Main Measures: Self-reported barriers to accessing care, cost-related medication non-adherence, and financial strain.

Key Results: Marketplace enrollees were more likely than Medicaid enrollees to delay or avoid care due to cost (19.3% vs 10.0%; adjusted difference (AD), 8.6 [95% CI, 6.8 to 10.4]) and report difficulties affording specialty care (7.7% vs 6.6%; AD, 1.8% [95% CI, 0.3% to 3.3%]), while there were no differences in having insurance accepted by a doctor or ability to afford dental care.

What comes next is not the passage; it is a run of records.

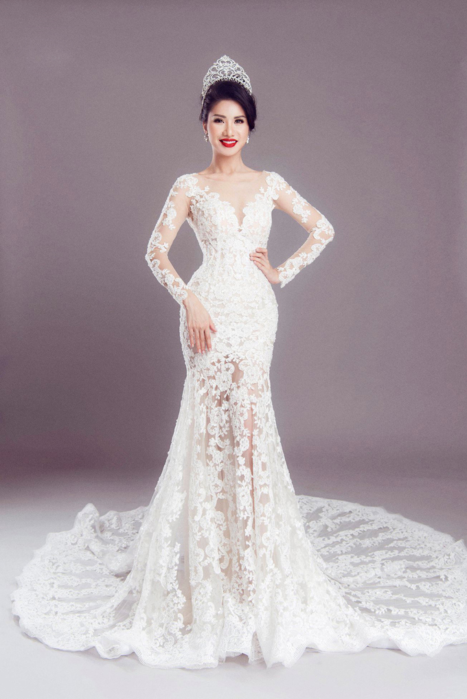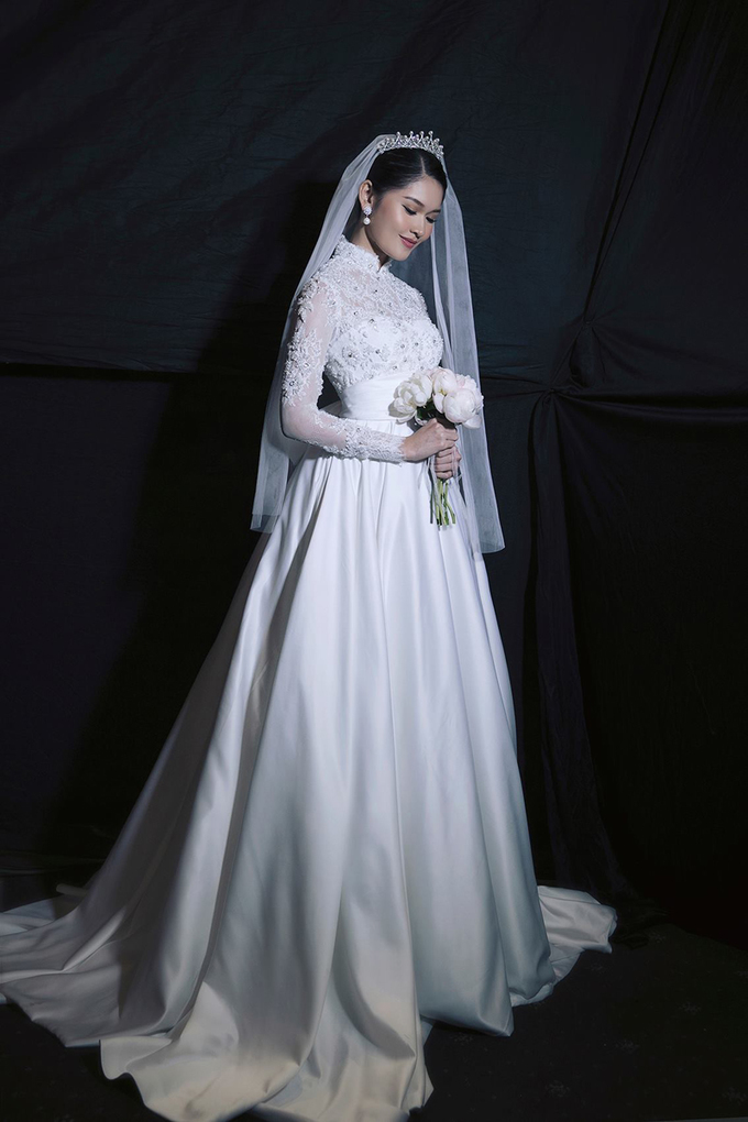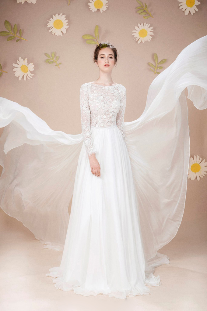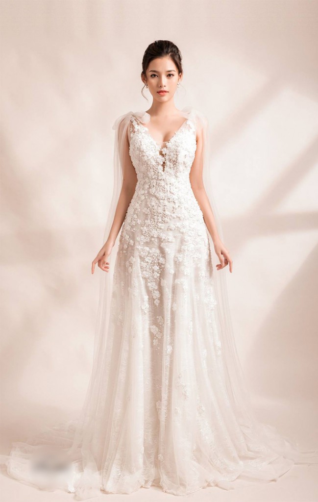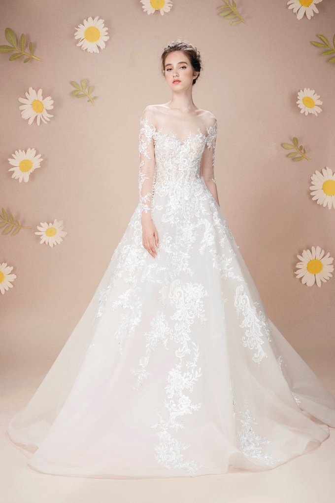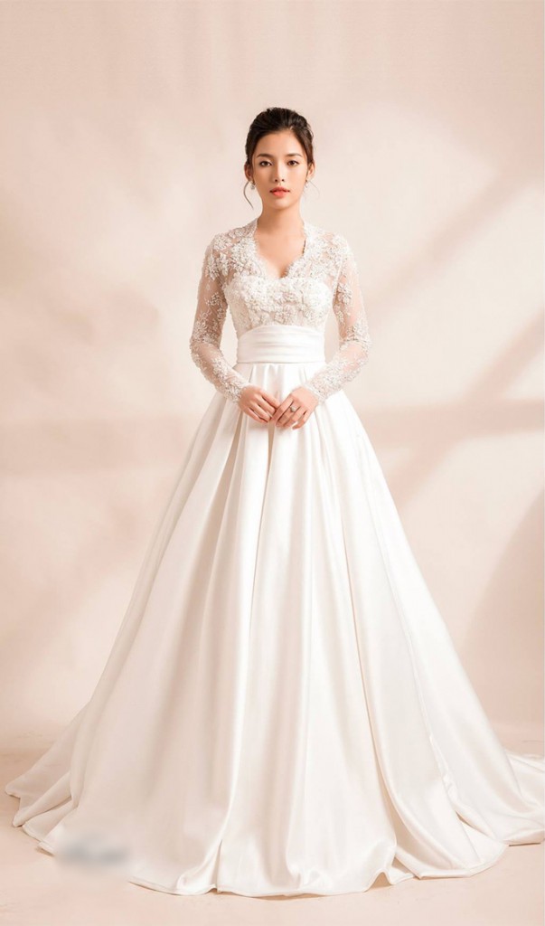 Nếu bắp tay không mấy thon gọn, cô dâu cần chọn thiết kế tay áo lửng, áo dài tay được thêu ren, may ôm để che lấp khuyết điểm vóc dáng.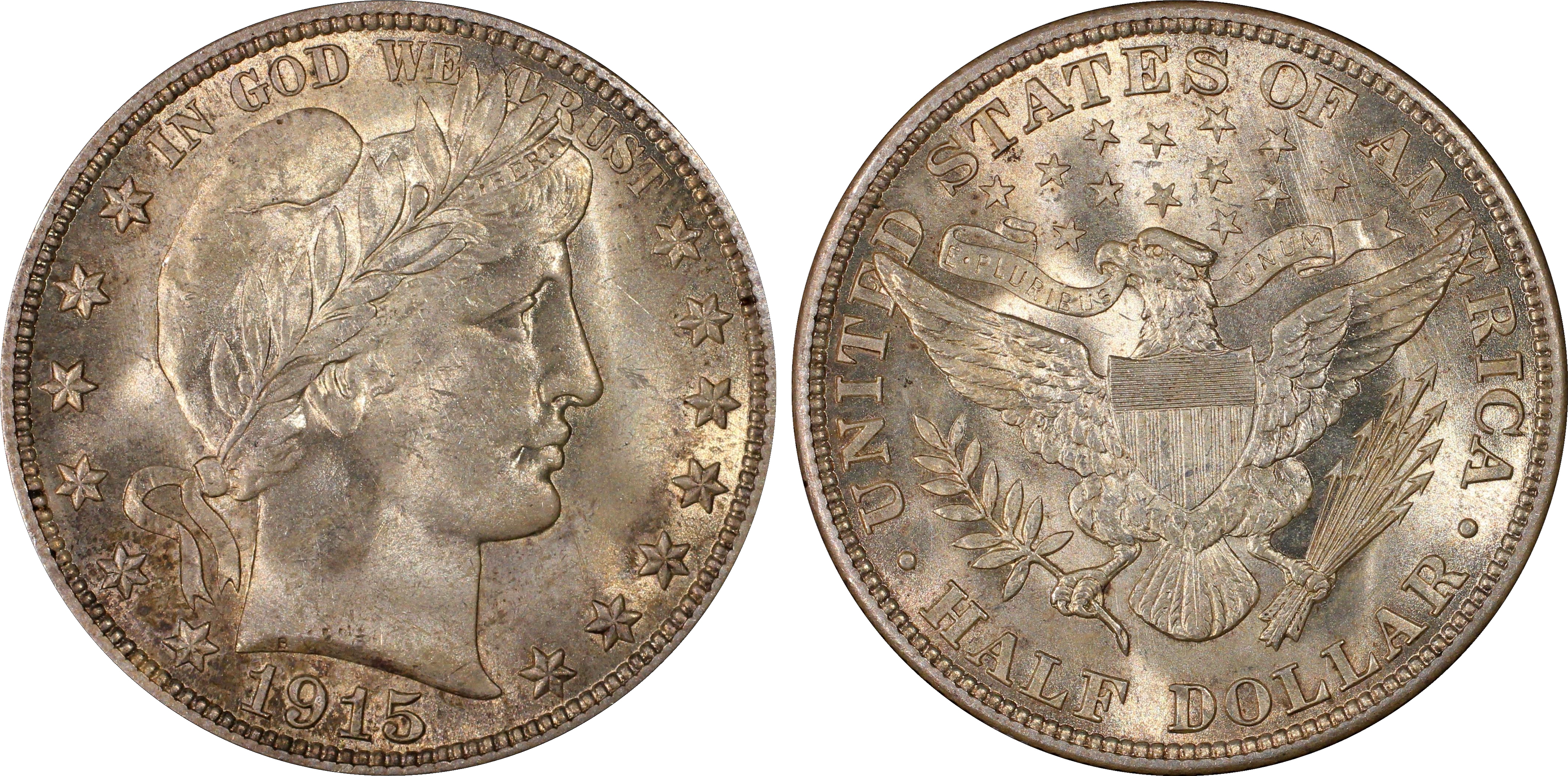 The popularity of the 1915 Half Dollar is evident in the large population of certified examples. Despite being one of the rarer dates in the series, there are more PCGS-certified 1915 Half Dollars than any other date -- including the first-year-of-issue 1892. Not unexpectedly, most of the certified examples are circulated, as Mint State examples of the 1915 are just as scarce as most of the other dates in the series. Mint State 1915 Half Dollars are slightly morre rare than the 1914, but not as rare as the 1913. MS64 examples are the most plentiful, followed by MS63's. Gems are scarce, but they show up in the marketplace with relative frequency. MS66 and better examples are very rare, with just a small handful in MS66, one or two in MS66+, and none in MS67.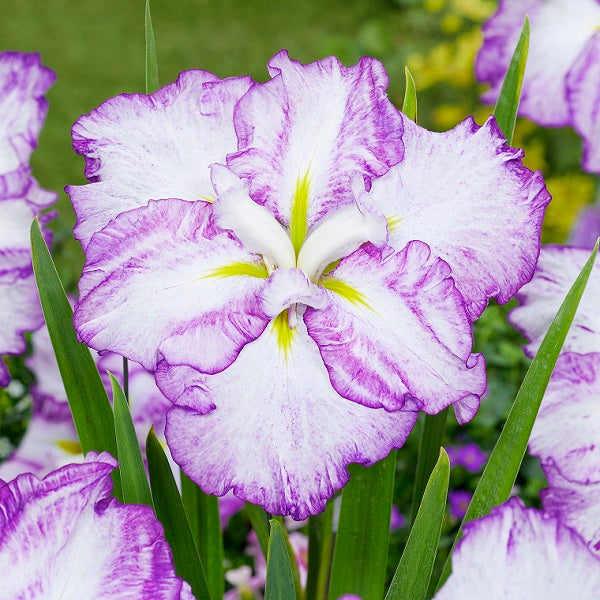 Iris Tiramisu Dinner Plate Japanese - 36-40” tall. Early summer bloom. Large 6” double, clean white petals are speckled and edged in lavender pink. Bright yellow signals draw your eye in to this spectacular bloom. Zones 4-9. Potted in 3” pot.

Marketplace enrollees were also more likely to report cost-related medication non-adherence (21.5% vs 20.0%; AD, 4.0 [CI, 1.5 to 6.4]), be very worried about not being able to pay medical costs in case of a serious accident (32.3% vs 25.8%; AD, 6.4 [CI, 4.2 to 8.6]), have expenses exceeding $2000 (22.4% vs 5.4%; AD, 8.3 [CI, 6.2 to 10.3]), and have problems paying medical bills (18.4% vs 15.6%; AD, 1.8 [CI, 0.3 to 3.9]). Marketplace-Medicaid differences were larger among persons with a chronic disease. Individuals in ESI plans fared better for most, but not all, outcomes.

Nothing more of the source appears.